◆ ASSIGNMENT: With the pictures set aside, write out all of the data exactly as it stands.

Start of THE DATA

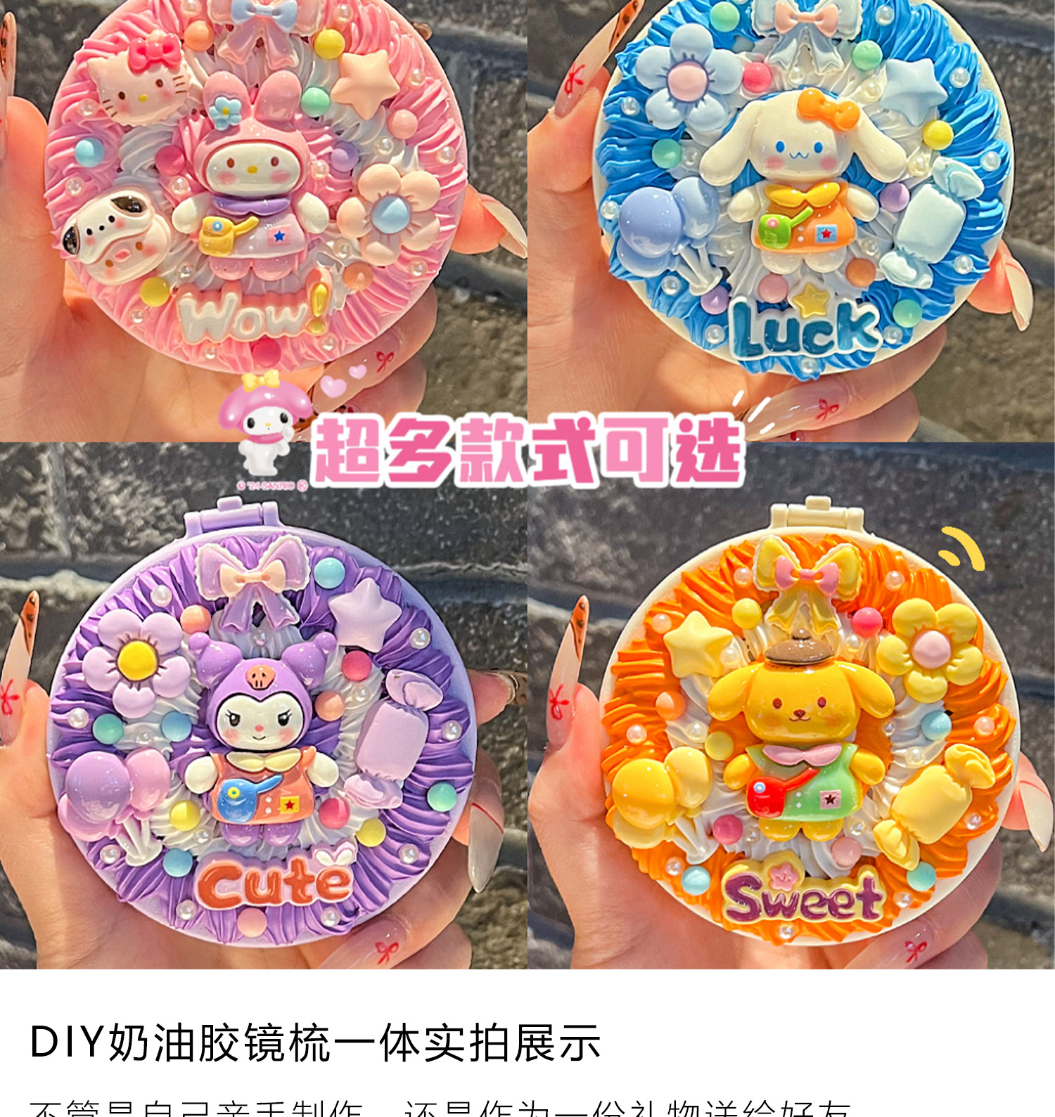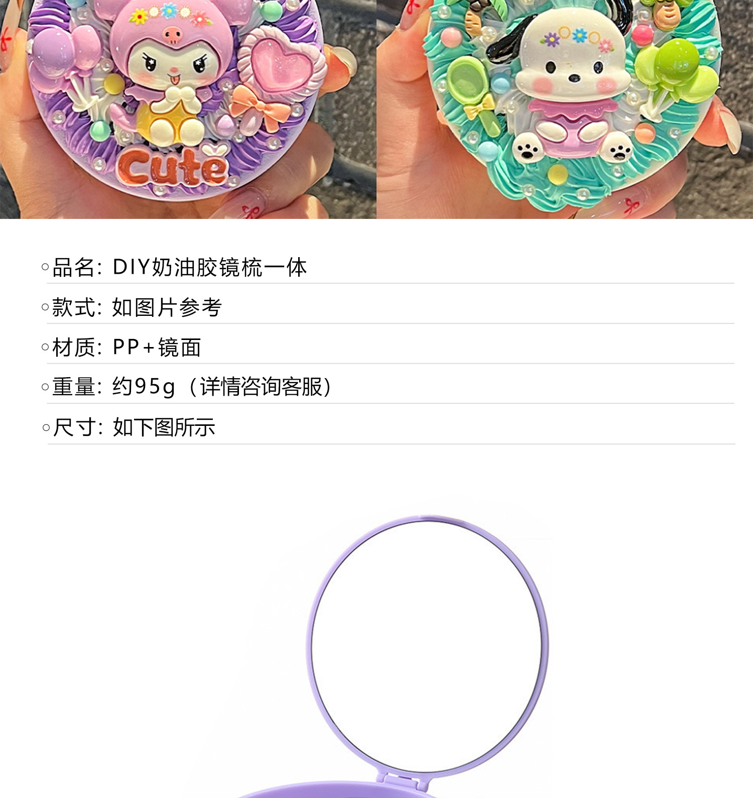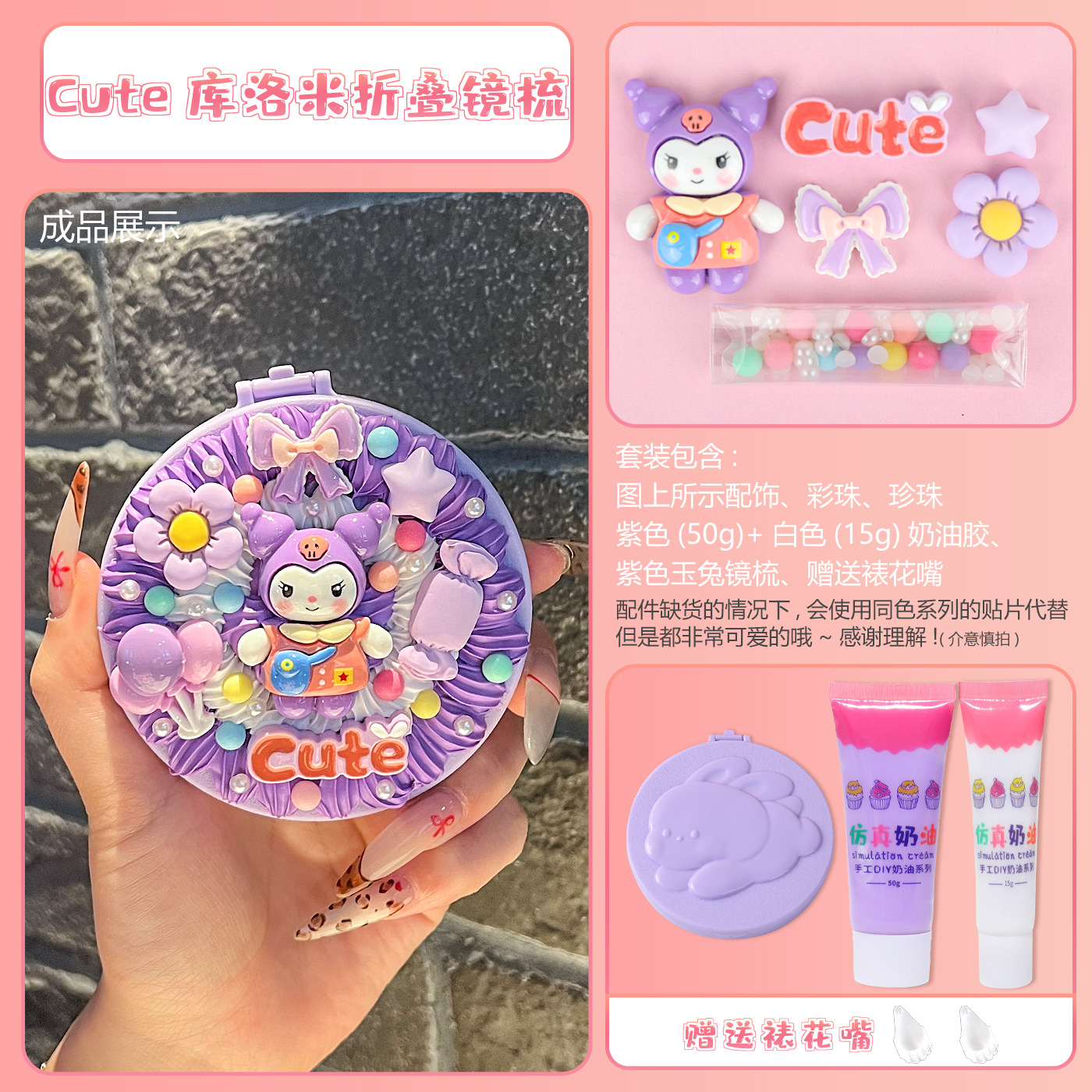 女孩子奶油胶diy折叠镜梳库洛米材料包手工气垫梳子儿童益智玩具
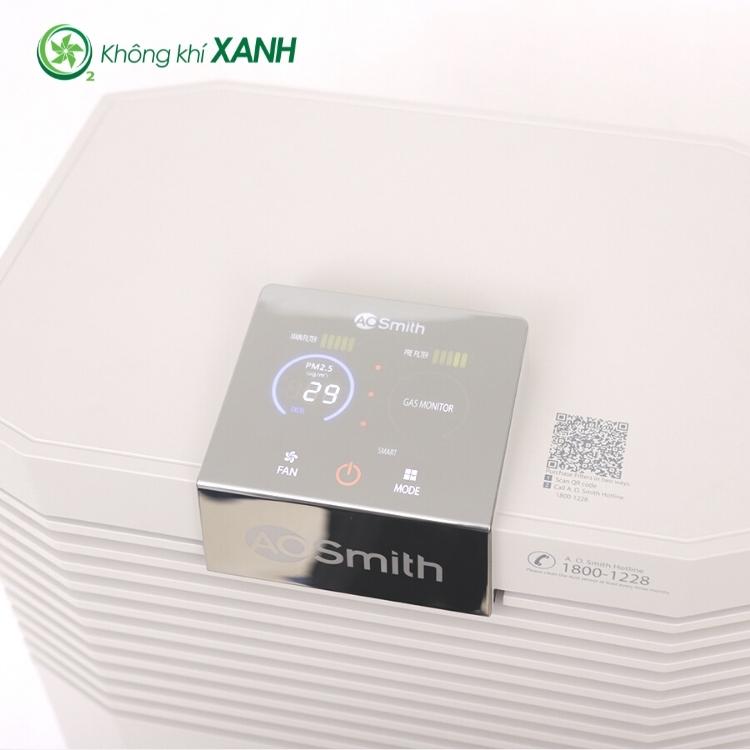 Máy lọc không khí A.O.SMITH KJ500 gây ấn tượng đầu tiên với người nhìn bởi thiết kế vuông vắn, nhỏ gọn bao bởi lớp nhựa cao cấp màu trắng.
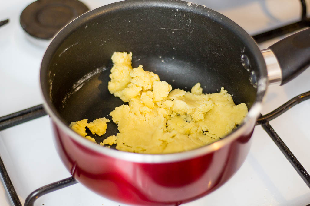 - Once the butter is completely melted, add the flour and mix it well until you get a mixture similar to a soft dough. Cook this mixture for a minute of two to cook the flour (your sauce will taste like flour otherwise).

End of THE DATA

◆ WRITTEN SOLUTION:
 女孩子奶油胶diy折叠镜梳库洛米材料包手工气垫梳子儿童益智玩具
 Máy lọc không khí A.O.SMITH KJ500 gây ấn tượng đầu tiên với người nhìn bởi thiết kế vuông vắn, nhỏ gọn bao bởi lớp nhựa cao cấp màu trắng.
 - Once the butter is completely melted, add the flour and mix it well until you get a mixture similar to a soft dough. Cook this mixture for a minute of two to cook the flour (your sauce will taste like flour otherwise).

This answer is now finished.